WHAT YOU NEED TO DO: Span requested from the data below: the line with "But they so" through the line with "Γυναικείο δαχτυλίδι KARL", both included. Give only these lines again, exactly, and leave every picture out.

GIVEN DATA section start

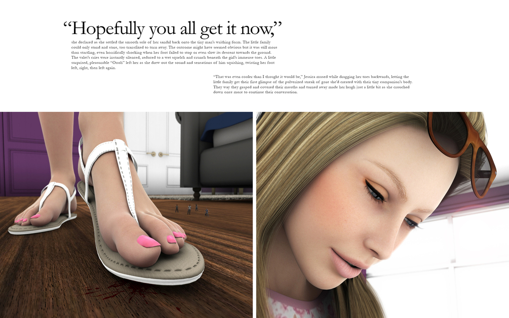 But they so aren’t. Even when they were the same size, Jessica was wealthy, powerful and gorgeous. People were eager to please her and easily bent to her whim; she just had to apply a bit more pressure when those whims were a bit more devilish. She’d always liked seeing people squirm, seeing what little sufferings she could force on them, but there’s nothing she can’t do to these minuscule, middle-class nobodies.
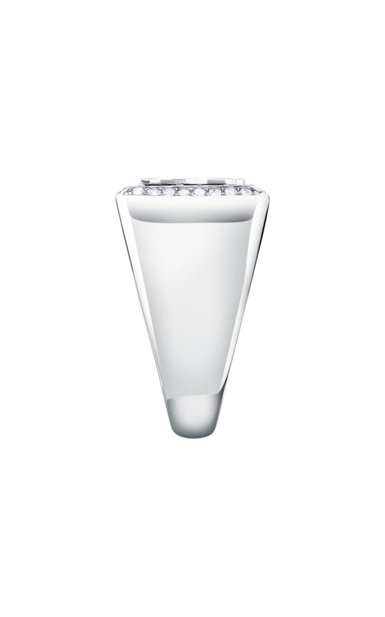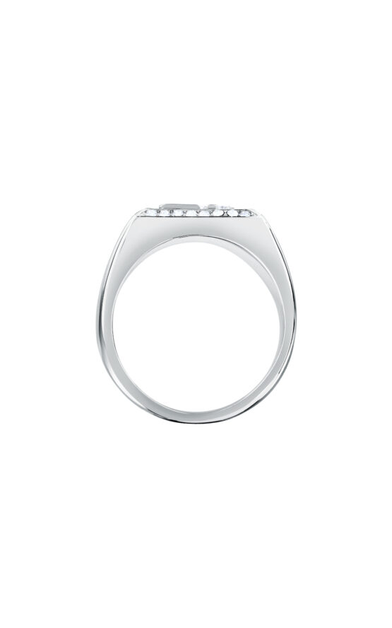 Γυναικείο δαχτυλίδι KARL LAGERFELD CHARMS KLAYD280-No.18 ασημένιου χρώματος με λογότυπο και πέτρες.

GIVEN DATA section end
GIVEN DATA section start

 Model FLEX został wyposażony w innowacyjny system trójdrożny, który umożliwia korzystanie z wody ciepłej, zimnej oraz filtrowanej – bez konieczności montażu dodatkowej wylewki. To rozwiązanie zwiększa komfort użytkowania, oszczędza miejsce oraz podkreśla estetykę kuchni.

GIVEN DATA section end
GIVEN DATA section start

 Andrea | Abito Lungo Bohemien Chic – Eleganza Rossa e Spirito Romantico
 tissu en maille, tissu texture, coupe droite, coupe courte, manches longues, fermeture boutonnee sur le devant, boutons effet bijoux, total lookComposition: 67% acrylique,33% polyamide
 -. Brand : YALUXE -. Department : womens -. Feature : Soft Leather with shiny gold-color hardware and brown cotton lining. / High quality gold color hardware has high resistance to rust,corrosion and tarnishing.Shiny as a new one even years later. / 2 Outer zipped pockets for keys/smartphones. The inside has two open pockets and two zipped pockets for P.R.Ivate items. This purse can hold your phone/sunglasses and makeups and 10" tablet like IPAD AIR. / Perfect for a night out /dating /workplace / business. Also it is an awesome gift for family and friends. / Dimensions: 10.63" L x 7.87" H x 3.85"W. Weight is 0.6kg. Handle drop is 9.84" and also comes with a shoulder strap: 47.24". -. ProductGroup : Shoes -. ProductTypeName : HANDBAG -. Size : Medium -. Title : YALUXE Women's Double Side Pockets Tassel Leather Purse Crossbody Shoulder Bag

GIVEN DATA section end

ANSWER TO THE EXERCISE:
 But they so aren’t. Even when they were the same size, Jessica was wealthy, powerful and gorgeous. People were eager to please her and easily bent to her whim; she just had to apply a bit more pressure when those whims were a bit more devilish. She’d always liked seeing people squirm, seeing what little sufferings she could force on them, but there’s nothing she can’t do to these minuscule, middle-class nobodies.
 Γυναικείο δαχτυλίδι KARL LAGERFELD CHARMS KLAYD280-No.18 ασημένιου χρώματος με λογότυπο και πέτρες.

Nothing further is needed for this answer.